The requirement for notice or knowledge of the potential falsity arises from the “malice” standard that applies to defamation of public figures. But for defamation of individuals who are not in the public eye, or for the application of many other causes of action that could impose civil liability for something said or portrayed in some online third-party post, notice of the violation may not be a necessary precondition to liability for someone who publishes the material. Thus, everything would need to be reviewed.
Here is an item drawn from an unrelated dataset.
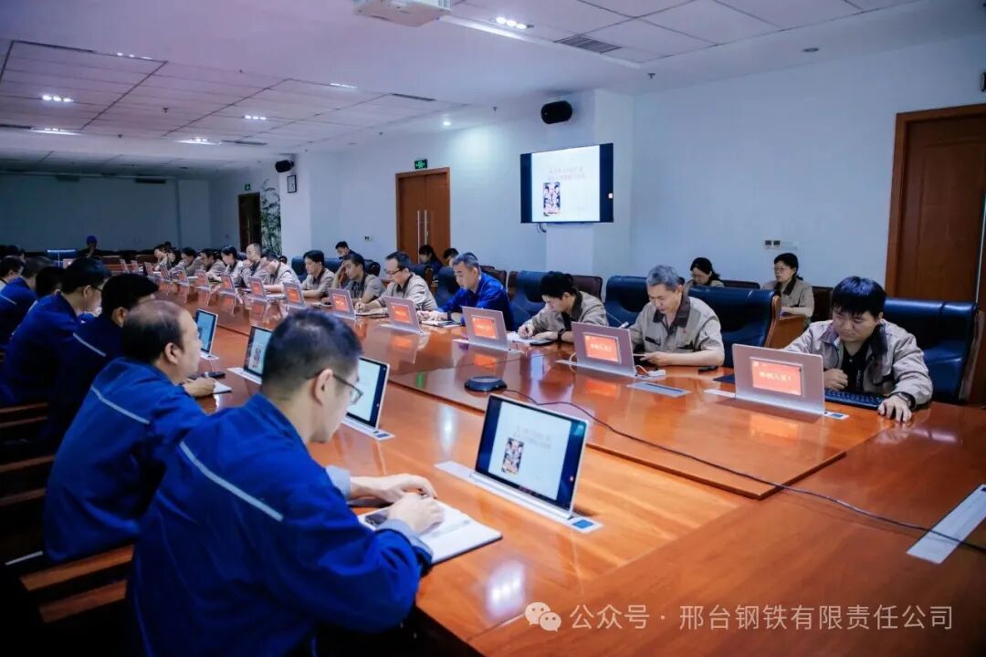 At the meeting, all participants watched the themed Party lecture promotional video Confident China: On New-Quality Productive Forces. Through the learning session, all attendees reached a profound understanding that against the backdrop of the current economic situation, new-quality productive forces have emerged as a robust driving force for the high-quality development of enterprises. Accurately grasping and vigorously cultivating new-quality productive forces carries crucial strategic significance for enterprises to break through development bottlenecks and seize the commanding heights of future competition. As enterprise managers, it is imperative to translate the requirements of new-quality productive forces into concrete practices of innovating development concepts and driving technological breakthroughs, so as to forge core competitiveness for the new Xingtai Iron and Steel that is geared towards the future.

And because everything that is posted could pose a risk, sites without Section 230 protections are much more likely to be aggressive in taking down anything that is close to the line where potential liability could be raised.
Thus, if the Executive Order did result in fewer sites having Section 230 protections, it could well result in even less speech being posted online than currently available, and more content being “censored” – seemingly the opposite effect that the order allegedly seeks. Of course, before that happens, there are many other actions necessary before this result would occur – including the request that the FCC commence a rulemaking to review the application of Section 230. Those issues will be discussed in a future post.